662. Head of Regulatory Affairs – Director/a de Asuntos Regulatorios

Job Title: Head of Regulatory Affairs – Director/a de Asuntos Regulatorios
Location: Madrid. Spain
Reports To: Chief Operating Officer (COO) or General Manager

Reiwa Healthcare S.L. (www.reiwahealthcare.eu) is a young Spanish pharmaceutical company (Laboratorio Titular de Autorizaciones de Comercialización) with Marketing Authorizations in the following European countries: Spain, Germany, Portugal and Hungary.

Job Summary

The Head of Regulatory Affairs will handle all regulatory operations within the company. The person will be responsible for managing and coordinating all regulatory activities required to obtain and maintain product approvals with health authorities. This role works closely with internal and external teams to ensure compliance with local and international regulations, facilitating the commercialization of pharmaceutical products within applicable regulatory frameworks.

Key Responsibilities

– To prepare (mainly m1), review (from m2 to m5), and submit regulatory new dossiers for registration through National Procedures or through DCP.  Whilst the dossier is initially drafted by our Asian colleagues team, Reiwa Healthcare’s RA is in charge of a deep revision of all the sections applying a critical eye on the strategy and proposing experienced CMC revisions according to ICH and EU regulations with the aim to  avoid as many deficiencies and future variations as possible. A close, fluent and effective coordination with Asian team is mandatory.
– To keep accurately updated the regulatory database(s) and records as well as technical documentation related to all the pharmaceutical products portfolio.
– To ensure compliance with European regulatory requirements throughout the product lifecycle.

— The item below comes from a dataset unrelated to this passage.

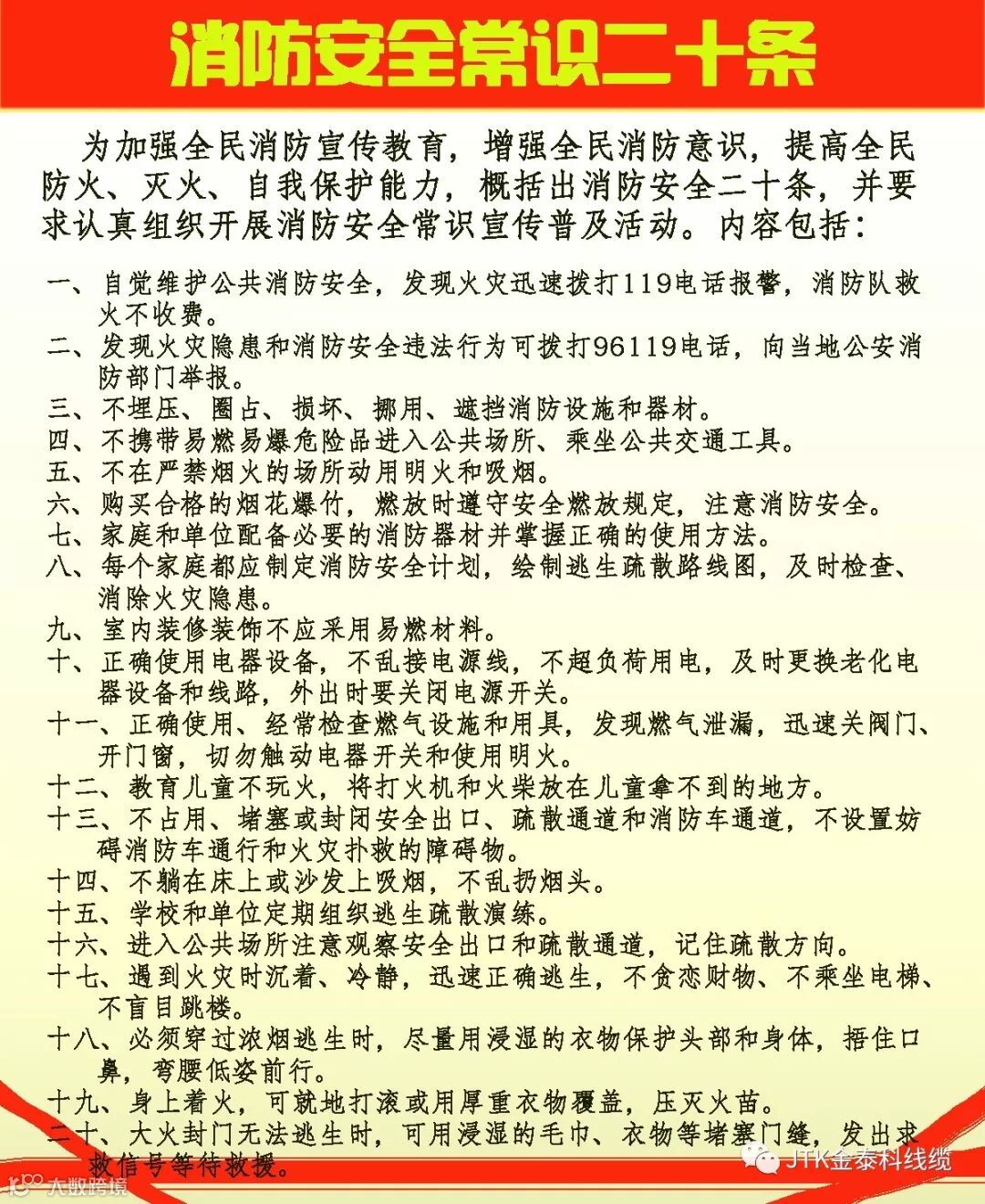 消防安全常识二十条,平时看看积累一些消防安全知识,做到预防为主,遇到紧急时刻也能及时的自救和他救。

To monitor changes in regulatory legislation and guidelines, assessing their impact on the company and proposing action plans.
– To feed the Pharmacovigilance database from a regulatory point of view and collaborate with Pharmacovigilance team as requested.
– To organise, plan and prepare, regulatory packages for renewals, variations, and post-approval changes.
– Daily collaboration with departments such as R&D, Quality Assurance, Manufacturing, Pharmacovigilance, and Commercial teams to ensure regulatory compliance.
– To give support from a regulatory perspective to audits and to respond to possible inquiries from Health Authorities.
– To prepare, review and update product information, product labelling, and promotional materials in compliance with current regulations.
– To contribute to regulatory strategy for new product registrations and market access.

Qualifications and Skills

Educational Background: Bachelor’s or Master’s degree in Pharmacy, Chemistry, or a related scientific field.
Experience: Minimum of 5 years in the pharmaceutical industry working as Regulatory Affairs Specialist or similar position with a deep experience in preparing and submitting regulatory dossiers. Familiarity with regulatory tools and submission platforms (such as eCTD manager, CESP, etc..).
Regulatory Knowledge: Knowledge of local and international regulatory guidelines and procedures. In-depth understanding of EU-GMP, Spanish regulatory requirements, and CMC
Project Management: Strong project management skills with a track record of managing complex projects across multiple functions.
Communication Skills: Excellent written and verbal communication skills in both Spanish and English.

Key Competencies

Analytical Thinking: Ability to analyse complex issues, identify solutions, and make data-driven decisions.
Problem Solving: Proactive approach to identifying issues and implementing corrective actions.
Collaboration: Ability to work effectively with cross-functional teams and communicate clearly with stakeholders.
Compliance-Oriented: A commitment to maintaining the highest levels of regulatory compliance and product integrity.
Attention to Detail: Ability to detect mistakes with strong attention to detail and commitment to quality and compliance.

Benefits

Competitive salary with performance-based incentives
Professional development and continuing training opportunities
Working flexibility with smart working most of the weekly days.